ON BLU-RAY / DVD / VOD:
“A Hidden Life”: Terrence Malick’s characters have been whispering to God for a while now, but those dispatches have extra urgency in his latest, which ponders the biggest imaginable questions of morality and free will. In late-‘30s Austria, a husband and wife’s idyllic existence is punctured by his refusal to fight in the Nazi army. “We have to stand up to evil,” he insists, and Malick doesn’t overstate the parallels; he doesn’t have to. And to the filmmaker’s credit, he sees this thing through, both in terms of the logistical outcomes and the narrative conclusions – even when it doesn’t give us the kind of easy outs and feel-good wrap-ups we’re looking for. The story and style don’t always mesh (the camerawork is a bit too loosey-goosey at a few key moments), but the freedom of his filmmaking remains exhilarating, and he doesn’t take his obligations, as either a storyteller or a moralist, lightly. (No bonus features.)

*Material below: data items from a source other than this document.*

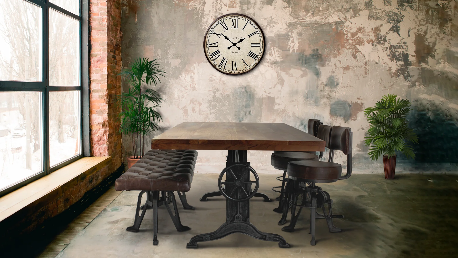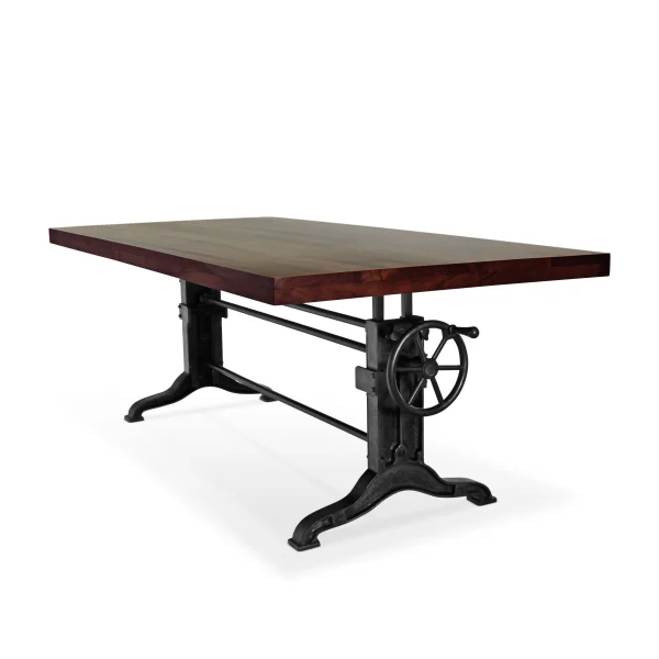 The Frederick industrial-style table features a heavy cast iron base that adjusts from standard dining height up to bar height. This very robust design is multi-functional as a dining table, pub table, counter height kitchen island, writing table, or desk. This elegant industrial base sits sturdily under a solid hardwood top with a healthy 2.5-inch-thick trim in a smooth walnut finish.
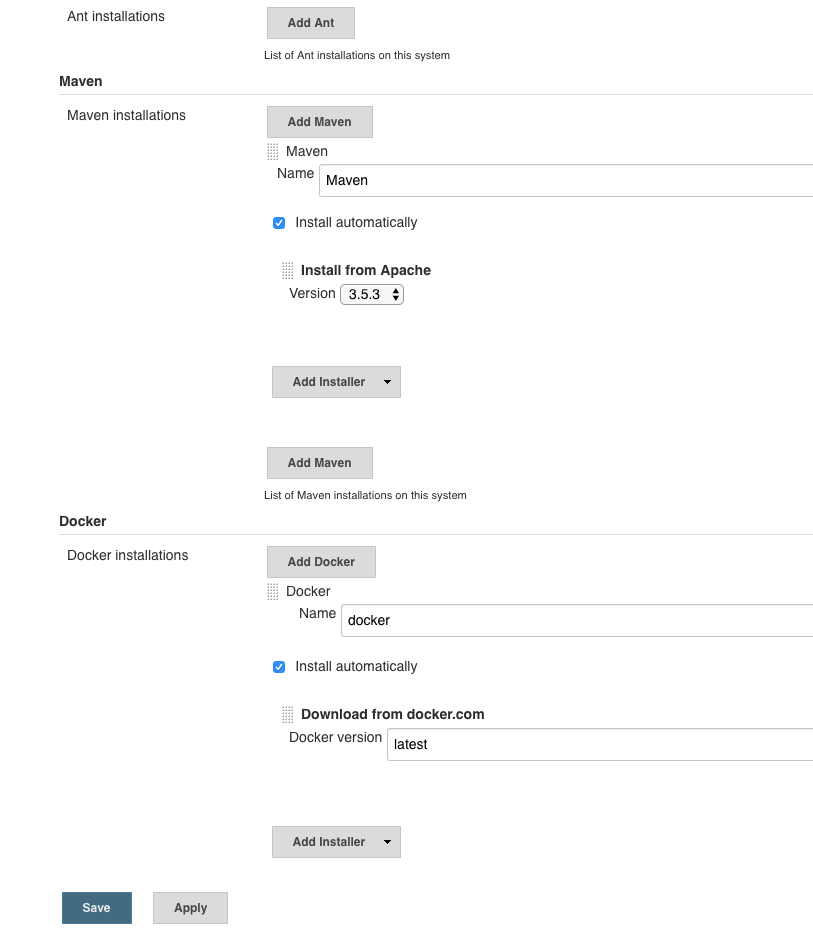 script returned exit code 127这在我看来很奇怪,因为在本地机器中可以获得对接器,而且还配置了Global Tool Configuration部分,并提供了如下所示的适当详细信息。我查看了几个帖子,但到目前为止,这些解决方案都没有奏效。
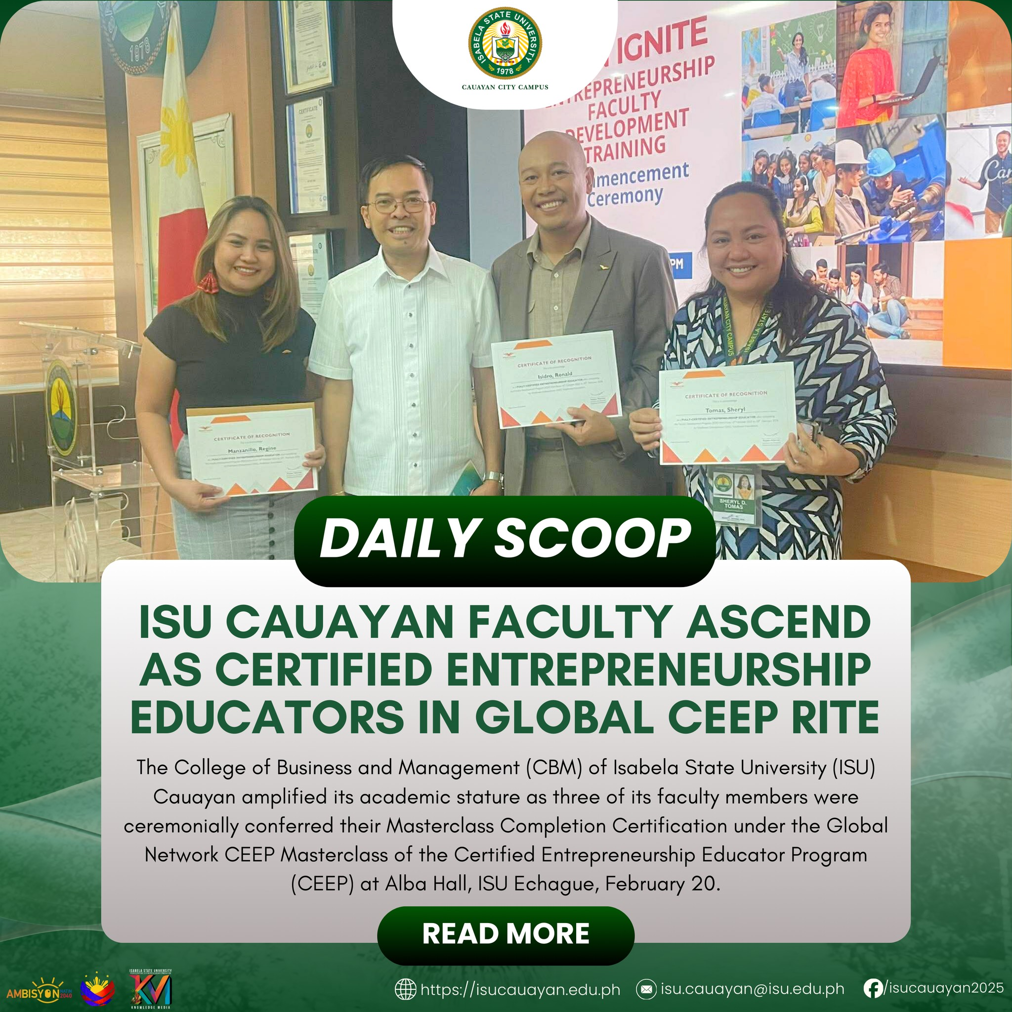 The College of Business and Management (CBM) of Isabela State University (ISU) Cauayan amplified its academic stature as three of its faculty members were ceremonially conferred their Masterclass Completion Certification under the Global Network CEEP Masterclass of the Certified Entrepreneurship Educator Program (CEEP) at Alba Hall, ISU Echague, February 20. The conferment sealed the completion continue reading : ๐๐๐๐๐๐ ๐๐๐๐๐โฎ ๐๐๐ ๐๐๐ฎ๐๐ฒ๐๐ง ๐ ๐๐๐ฎ๐ฅ๐ญ๐ฒ ๐๐ฌ๐๐๐ง๐ ๐๐ฌ ๐๐๐ซ๐ญ๐ข๐๐ข๐๐ ๐๐ง๐ญ๐ซ๐๐ฉ๐ซ๐๐ง๐๐ฎ๐ซ๐ฌ๐ก๐ข๐ฉ ๐๐๐ฎ๐๐๐ญ๐จ๐ซ๐ฌ ๐ข๐ง ๐๐ฅ๐จ๐๐๐ฅ ๐๐๐๐ ๐๐ข๐ญ๐
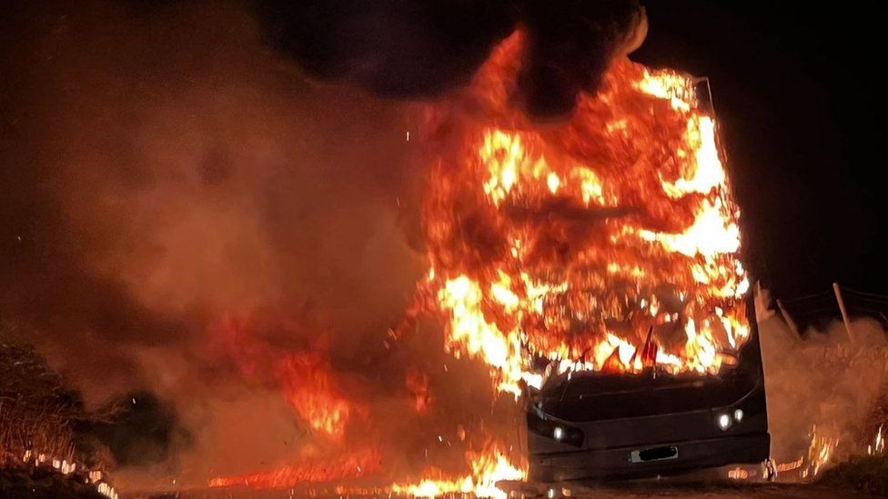 এদিন দেখা যায় কুণ্ডলী পাকিয়ে বের হতে থাকে ধোঁয়া । নিমিষে ঢেকে যায় কালো ধোঁয়ায়। দেখা যায় আগুনের শিখা । গভীর রাতে ১৯ নম্বর জাতীয় সড়কে চলমান বাসে ভয়াবহ অগ্নিকান্ড ঘিরে ছড়াল আতঙ্ক । দমকলের দু’টি ইঞ্জিনের কয়েক ঘন্টা প্রচেষ্টায় নিয়ন্ত্রণে আসে আগুন । তবে হতাহতের কোনও খবর পাওয়া যায়নি ।
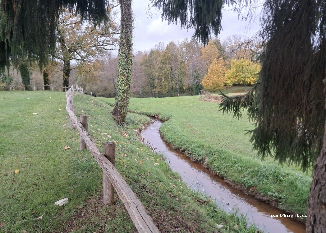 Très belle aire au bord d’une petite rivière. Services eau 2 €/10 mn
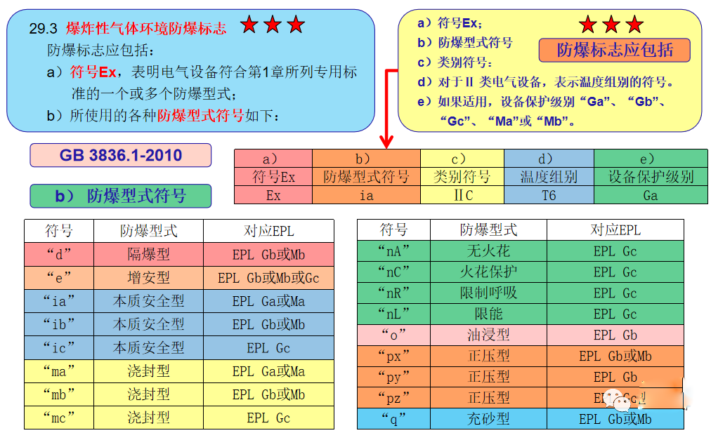 GB 3836.1-2010 爆炸性環境 第1部分:設備 通用要求29.14 標志示例 易產生瓦斯的煤礦用隔爆外殼“d”(EPL Mb):Ex d Ⅰ Mb 或 Ex db Ⅰ。 帶本質型“i”(EPL Ga)輸出電路的隔爆外殼Ex元件“d”(EPL Gb),用于除易產生煤礦瓦斯氣體外的C級爆炸性氣體環境(防爆合格證編好后加符號“U”):Ex d[ia Ga] ⅡC Gb 或 Ex db [ia] ⅡC。 使用增安型“e”(EPL Gb)和正壓外殼“px”型(EPL Gb)的電氣設備,高表面溫度125℃,用于除易產生瓦斯的煤礦外的、引燃溫度高于125℃的爆炸性氣體環境,在防爆合格證中注明使用的具體條件(防爆合格證編好后加符號“X”):Ex e px ⅡC 125℃(T4)Gb 或 Ex eb pxb ⅡC 125℃(T4) 使用隔板外殼“d”(EPL Mb和Gb)和增安型“e”(EPL Mb和Gb)的煤礦用電氣設備和用于除易產生瓦斯的煤礦外的B級氣體、引燃溫度高于200℃的爆炸性氣體環境:Ex de Ⅰ Mb 或 Ex db eb ⅠEx de ⅡB T3 Gb 或 Ex db eb ⅡB T3 用于除易產生瓦斯的煤礦外的、僅存在氨氣爆炸性氣體環境用的隔爆外殼電氣設備“d”(EPL Gb):Ex d Ⅱ氨(NH3)Gb 或 Ex db Ⅱ氨(NH3) 用于具有導電性粉塵的爆炸性粉塵環境ⅢC等級澆封型電氣設備“ma”(EPL Da),高表面溫度低于120℃:Ex ma ⅢC T120℃ Da 或 Ex ma ⅢC T120℃ IP68 用于具有導電性粉塵的爆炸性粉塵環境ⅢC等級“ia”(EPL Da)型電氣設備,高表面溫度低于120℃:Ex ia ⅢC T120℃ Da 或 Ex ia ⅢC T120℃ IP20 用于具有導電性粉塵的爆炸性粉塵環境ⅢC等級“p”(EPL Db)型電氣設備,高表面溫度低于120℃:Ex p ⅢC T120℃ Db 或 Ex pb ⅢC T120℃ IP65 用于具有導電性粉塵的爆炸性粉塵環境ⅢC等級“t”(EPL Db)型電氣設備,高表面溫度低于225℃,當用500mm的粉塵層試驗時低于320℃:Ex t ⅢC T225℃ T500 320℃ Db 或 Ex tb ⅢC T225℃ T500 320℃ IP65
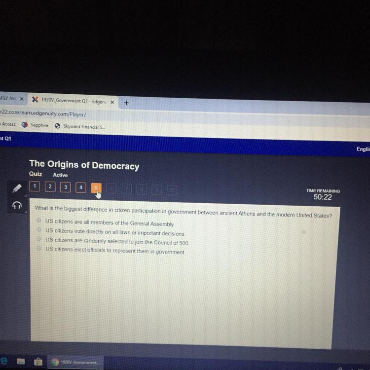 What is the biggest difference in citizen participation in government between ancient Athens and the modem United States?

“Richard Jewell”: Let’s get this outta the way: there is a giant, overwhelming flaw in Clint Eastwood’s dramatization of the trials and tribulations of the Olympic Village bombing hero-turned-suspect, and it’s the character of Kathy Scruggs (played, as well as she can, by Olivia Wilde), a slanderous, cackling cartoon villain caricature of The Media, seemingly crafted specifically for people who say “Fake News” several times a day. This miscalculation is rendered all the more shocking by the precision of literally everything else in the movie: Sam Rockwell’s low-key characterization of the righteous lawyer, Kathy Bates’s Oscar-nominated turn as the loving mother, Jon Hamm with yet another button-down portrayal of everyday evil, and especially Paul Walter Hauser in the title role, who gives this man vulnerability and humanity and also isn’t afraid to play him as a bit of a doofus. An utterly riveting drama—through most of its running time. (Includes featurettes.)
ON BLU-RAY:
“Bamboozled”: Spike Lee’s 2000 indictment of mass media (new to the Criterion Collection) has its share of wobbles – starting your satire with a voice-over definition of “satire” is certainly a choice, and its third-act lean into violence still plays like an act of desperation. But its central premise, a sharp-edged mash-up of “Network” and “The Producers,” hasn’t lost any of its potency, nor has the picture’s questions of Black self-identity and complicity (and that goes double for the television writers’ room conversation on diversity – hell, they’re still using some of the same excuses). The power of its commentary has dulled not one bit, from the disturbing images of African-American performers “Blacking up” in the make-up mirror to the harrowing closing montage of racism in American media. It’s not exactly Lee’s most light-handed effort, but it remains riveting, righteous, and bleakly funny. (Includes audio commentary, new interviews, featurettes, deleted scenes, music videos, and trailers.)